抑郁症是一种常见的心理疾病,其主要症状包括持续的情绪低落、失去兴趣和缺乏精力[1, 2]。在最严重的情况下,抑郁症可能导致自杀。根据世界卫生组织的报告,全球约有2.64亿人正在遭受抑郁症[3]。然而,全球范围内抑郁症患者的治疗率仍然非常低[4]。造成低治疗率的原因主要有两个。首先,传统的抑郁症治疗方法耗时长、费用高,而且有时效果不佳[5]。对于经济困难的个人来说,诊断和治疗的费用可能是沉重的负担,因此使他们不愿意寻求医生的帮助。其次,在抑郁症诊断的临床面谈中,患者可能会因为担心对抑郁症患者的偏见或歧视行为而隐瞒其真实的心理状态[6, 7]。在这种情况下,临床医生可能无法做出正确的诊断。这些因素突显了自动抑郁症检测系统的必要性,该系统可以帮助个人私密地评估其抑郁状态,同时增加他们咨询心理学家的意愿。此外,这样的系统在患者隐瞒真实心理状态时也能大大帮助心理学家进行抑郁症诊断。
✔️ 2. RELATED WORK AND OUR CONTRIBUTIONS相关工作和我们的贡献
✔️ Automatic depression detection. 自动抑郁检测
Early studies of automatic depression detection were dedicated to extracting effective features from questions that were highly correlated with depression. Sun et al. [8] conducted content analysis to the text transcripts of clinical interviews and manually selected questions related to certain topics (e.g. Sleeping quality or recent feelings). Based on the text features extracted from the selected questions, they used Random Forest to detect depression tendency. Similarly, Yang et al. [9] also manually selected depression related questions after analyzing interview transcripts. They constructed a decision tree with the selected questions to predict the participants’ depression states. Gong and Poellabauer [10] performed topic modeling to split the interviews into topic-related segments, from which audio, video, and semantic features are extracted. They employed a feature selection algorithm to maintain the most discriminating features. Williamson et al. [11] constructed semantic context indicators related to factors such as depression diagnosis, medical/psychological therapy or negative feelings. Utilizing Gaussian Staircase Model, they achieved a good performance in depression detection.

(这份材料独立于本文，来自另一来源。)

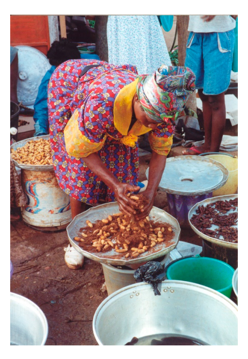
Figure 1. Selling the larvae of the African palm weevil Rhynchophorus phoenicis on the local market in Yaoundé, Cameroon (photo by author).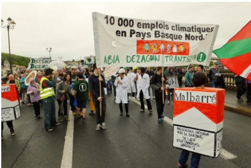
Climate jobs banner on Bayonne march, 2015

Mining and refining coal, oil and gas creates about 5 billion tons of greenhouse gas emissions. Most of that comes from refineries. But after 20 years we will only be using small amounts of these fossil fuels, mainly in aviation, shipping, making plastics and heating materials in industry. We won't need the rest. So we can cut emissions in this sector from 5 billion tons to 0.5 billion tons, simply because we will be mining and refining so much less. This is a cut of 90%.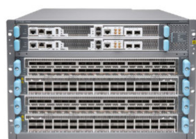
PTX10004 Packet Transport Router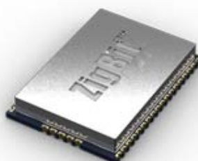
Figure 3-4. ATZB-900-B0

ATZB-900-B0 modules eliminate the need for costly and time-consuming RF development, minimizes bill of materials (BOM), and shortens time to market for a wide range of wireless applications, while embedded 802.15.4 / ZigBee software ensures standards-based wireless connectivity.

早期的自动抑郁症检测研究致力于从与抑郁症高度相关的问题中提取有效特征。Sun 等人[8] 对临床访谈的文本转录进行了内容分析,并手动选择了与特定话题相关的问题(如睡眠质量或近期情绪)。基于从这些选定问题中提取的文本特征,他们使用随机森林算法来检测抑郁倾向。类似地,Yang 等人[9] 也在分析了访谈转录后手动选择了与抑郁相关的问题。他们构建了一个决策树,通过这些选定的问题来预测参与者的抑郁状态。Gong 和 Poellabauer[10] 进行了主题建模,将访谈分割成与主题相关的段落,并从中提取音频、视频和语义特征。他们采用了特征选择算法以保留最具区分性的特征。Williamson 等人[11] 构建了与抑郁诊断、医疗/心理治疗或负面情绪等因素相关的语义上下文指标。他们利用高斯阶梯模型,在抑郁症检测中取得了良好的性能。
summary : 总结了早期研究中不同的方法和技术,用于自动检测抑郁症的研究,涉及特征提取、决策树、主题建模及语义上下文指标等方面。
Inspired by the emerging deep learning techniques, integrating multi-modal features through deep learning models is particularly promising for depression detection. Yang et al. [12] presented a depression detection model based on deep Convolution Neural Network (CNN). They additionally designed a set of audio and video descriptors to train their model. Tuka et al. [13] proposed a Long Short-Term Memory (LSTM) network to assess depression tendency. They calculated Pearson Coefficients to select audio features and text features that were strongly related to depression severity. With the combination of CNN and LSTM, Ma et al. [14] encoded the depressive audio characteristics to predict the presence of depression. Haque et al. [7] proposed a causal CNN model which summarized acoustic, visual and linguistic features into embeddings which were then used to predict depressive states.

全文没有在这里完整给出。